Email Jim at firstname.lastname@example.org
If you are building statues or monuments, when the construction is done, you are done. We don't build statues and monuments in the pulp and paper industry.
About twelve or thirteen years ago, I looked down the road and realized that my wife and I were going to be getting older and more feeble should we survive a few more years. We both have always had heavy traveling schedules. Our master bedroom is on the second floor of our home. I decided that, while I was able, I should build a dumbwaiter to go between the first and second floors to handle laundry, and, more importantly, heavy suitcases.
It was done. It was a fun project. The dumbwaiter essentially consists of a cab and a counterweight, connected by a cable passing over pulleys at the top. It is operated and controlled by a garage door opener, standing on end and connected to the counterweight. The safeties from the garage door opener are in the cab to make sure nothing falls forward through the open front of the cab. The travel adjustments on the garage door system fine tune the travel of the cab.
A number of years went by and I decided to make some upgrades to the system. I wanted a new cab, lights in the cab and so forth. I am getting older now, so I enlisted my next door neighbor, an excellent hobbyist wood worker, to build a new cab and help me rebuild the entire unit. He learned that building an animate piece of furniture (the dumbwaiter cab) is entirely different than building a static chair or bed.
Same difference between the aforementioned monument and a paper machine. The paper machine must move in a rigidly prescribed manner.
Training to operate the dumbwaiter is about a five minute job. Not so with your paper machine.
I was about four months into a two year paper machine project, just a couple of years ago, when I started asking the mill personnel about operator selection and training. They thought I was way too early. I wasn't. We got the operators selected and trained just in time, and we used the operators as part of the checkout team to make sure the equipment was ready to run. They started these activities about eight or nine months before we actually started up--and this was not a whole machine, but a key ancillary system.
This is the way it goes with animated construction projects.
About a decade ago, I was working on a new mill project. I had reviewed the checkout and startup plan well ahead of time. It was a thorough plan. The person in charge of execution was competent and experienced. However, a few days before the startup date, we burned up a gearbox.
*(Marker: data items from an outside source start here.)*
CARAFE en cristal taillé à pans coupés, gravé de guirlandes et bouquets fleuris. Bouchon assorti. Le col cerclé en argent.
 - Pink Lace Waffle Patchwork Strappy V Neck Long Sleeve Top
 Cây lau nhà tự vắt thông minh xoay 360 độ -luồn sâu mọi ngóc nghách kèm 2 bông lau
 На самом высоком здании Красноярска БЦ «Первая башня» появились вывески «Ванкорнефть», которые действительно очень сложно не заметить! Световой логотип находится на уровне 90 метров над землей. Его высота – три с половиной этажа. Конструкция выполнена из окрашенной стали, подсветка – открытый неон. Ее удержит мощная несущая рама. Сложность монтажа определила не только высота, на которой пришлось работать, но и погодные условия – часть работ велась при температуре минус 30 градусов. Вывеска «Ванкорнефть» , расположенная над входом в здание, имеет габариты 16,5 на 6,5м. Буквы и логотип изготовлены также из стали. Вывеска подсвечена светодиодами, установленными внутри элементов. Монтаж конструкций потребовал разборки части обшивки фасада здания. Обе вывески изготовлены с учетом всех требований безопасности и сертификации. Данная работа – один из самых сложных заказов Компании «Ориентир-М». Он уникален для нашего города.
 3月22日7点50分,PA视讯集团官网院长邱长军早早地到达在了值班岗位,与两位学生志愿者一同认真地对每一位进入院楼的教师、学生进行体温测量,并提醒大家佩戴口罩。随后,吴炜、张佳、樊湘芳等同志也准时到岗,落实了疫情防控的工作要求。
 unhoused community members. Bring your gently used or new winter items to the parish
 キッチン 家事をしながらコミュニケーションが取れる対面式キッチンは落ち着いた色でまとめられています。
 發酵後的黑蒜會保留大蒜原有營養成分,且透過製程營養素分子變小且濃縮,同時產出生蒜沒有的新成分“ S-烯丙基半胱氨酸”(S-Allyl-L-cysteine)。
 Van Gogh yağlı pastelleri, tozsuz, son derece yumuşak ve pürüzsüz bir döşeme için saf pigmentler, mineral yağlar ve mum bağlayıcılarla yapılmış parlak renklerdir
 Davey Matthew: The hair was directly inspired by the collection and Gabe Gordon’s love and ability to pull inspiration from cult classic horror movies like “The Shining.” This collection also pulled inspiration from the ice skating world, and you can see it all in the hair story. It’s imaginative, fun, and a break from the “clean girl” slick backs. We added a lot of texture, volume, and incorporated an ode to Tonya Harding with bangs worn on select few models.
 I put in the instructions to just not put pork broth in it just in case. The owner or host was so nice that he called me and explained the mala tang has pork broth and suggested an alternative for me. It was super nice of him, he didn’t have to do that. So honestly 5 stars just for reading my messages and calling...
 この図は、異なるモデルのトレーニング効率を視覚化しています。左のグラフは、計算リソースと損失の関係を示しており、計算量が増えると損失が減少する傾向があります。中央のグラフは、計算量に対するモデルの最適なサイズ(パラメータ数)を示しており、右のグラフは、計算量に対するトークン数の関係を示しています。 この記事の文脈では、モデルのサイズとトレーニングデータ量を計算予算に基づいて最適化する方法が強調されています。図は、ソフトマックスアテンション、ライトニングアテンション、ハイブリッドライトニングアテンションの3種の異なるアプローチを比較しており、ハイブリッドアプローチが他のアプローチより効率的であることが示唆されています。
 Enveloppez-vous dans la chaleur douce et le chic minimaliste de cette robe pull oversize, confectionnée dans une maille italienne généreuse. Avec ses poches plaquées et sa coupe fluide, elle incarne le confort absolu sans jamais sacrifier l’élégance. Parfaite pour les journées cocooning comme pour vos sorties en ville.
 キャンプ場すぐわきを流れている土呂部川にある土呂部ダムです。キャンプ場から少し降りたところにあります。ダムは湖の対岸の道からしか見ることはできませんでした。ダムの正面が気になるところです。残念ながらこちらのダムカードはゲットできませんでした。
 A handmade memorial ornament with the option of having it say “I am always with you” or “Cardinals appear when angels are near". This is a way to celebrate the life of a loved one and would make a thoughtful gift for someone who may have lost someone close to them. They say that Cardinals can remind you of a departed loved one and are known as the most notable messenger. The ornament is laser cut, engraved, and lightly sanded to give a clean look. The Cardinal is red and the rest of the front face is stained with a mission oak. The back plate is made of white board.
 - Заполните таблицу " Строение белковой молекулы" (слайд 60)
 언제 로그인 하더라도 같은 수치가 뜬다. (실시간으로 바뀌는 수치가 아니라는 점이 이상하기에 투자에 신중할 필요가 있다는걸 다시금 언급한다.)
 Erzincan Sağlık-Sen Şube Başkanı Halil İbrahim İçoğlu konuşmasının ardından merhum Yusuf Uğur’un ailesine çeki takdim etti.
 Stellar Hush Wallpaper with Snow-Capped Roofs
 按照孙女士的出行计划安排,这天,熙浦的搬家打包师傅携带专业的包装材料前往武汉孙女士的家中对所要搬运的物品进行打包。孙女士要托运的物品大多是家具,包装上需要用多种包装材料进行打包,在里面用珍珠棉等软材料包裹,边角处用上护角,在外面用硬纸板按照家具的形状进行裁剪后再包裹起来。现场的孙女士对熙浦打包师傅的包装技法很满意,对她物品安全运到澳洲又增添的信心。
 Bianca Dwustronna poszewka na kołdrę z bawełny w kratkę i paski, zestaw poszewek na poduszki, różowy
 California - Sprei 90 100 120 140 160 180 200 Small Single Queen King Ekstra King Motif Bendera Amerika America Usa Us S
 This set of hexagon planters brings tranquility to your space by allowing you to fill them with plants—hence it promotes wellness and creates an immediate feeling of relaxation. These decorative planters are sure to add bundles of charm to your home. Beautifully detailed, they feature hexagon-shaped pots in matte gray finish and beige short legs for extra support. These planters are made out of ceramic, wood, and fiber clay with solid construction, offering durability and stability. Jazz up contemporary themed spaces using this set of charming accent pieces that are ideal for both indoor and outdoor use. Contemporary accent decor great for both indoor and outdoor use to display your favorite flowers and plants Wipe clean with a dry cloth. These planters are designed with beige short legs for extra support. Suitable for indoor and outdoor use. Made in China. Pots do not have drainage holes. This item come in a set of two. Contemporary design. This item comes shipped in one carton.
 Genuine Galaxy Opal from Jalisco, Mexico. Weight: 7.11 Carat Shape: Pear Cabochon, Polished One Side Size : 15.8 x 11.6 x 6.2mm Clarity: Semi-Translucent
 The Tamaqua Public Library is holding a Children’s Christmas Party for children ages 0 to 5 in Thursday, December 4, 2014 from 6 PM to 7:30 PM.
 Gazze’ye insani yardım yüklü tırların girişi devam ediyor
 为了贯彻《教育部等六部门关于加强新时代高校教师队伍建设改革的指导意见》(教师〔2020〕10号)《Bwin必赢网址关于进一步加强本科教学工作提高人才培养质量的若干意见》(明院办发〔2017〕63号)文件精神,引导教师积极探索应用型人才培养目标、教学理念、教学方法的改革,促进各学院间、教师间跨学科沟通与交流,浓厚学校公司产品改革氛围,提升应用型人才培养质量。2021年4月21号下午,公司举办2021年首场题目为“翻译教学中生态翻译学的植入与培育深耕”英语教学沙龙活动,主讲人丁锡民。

No oil. Despite all the checkout and all the check sheets that showed things like assuring gearboxes were filled with oil, this one was missed.
The startup date was critical and reputations were on the line. A major machine shop was located within about eighty miles and they were put on a round-the-clock schedule to repair the gearbox. The startup date was achieved but not without extraordinary effort and expense.
In my view it is almost impossible to start operator selection, training and checkout tasks too early.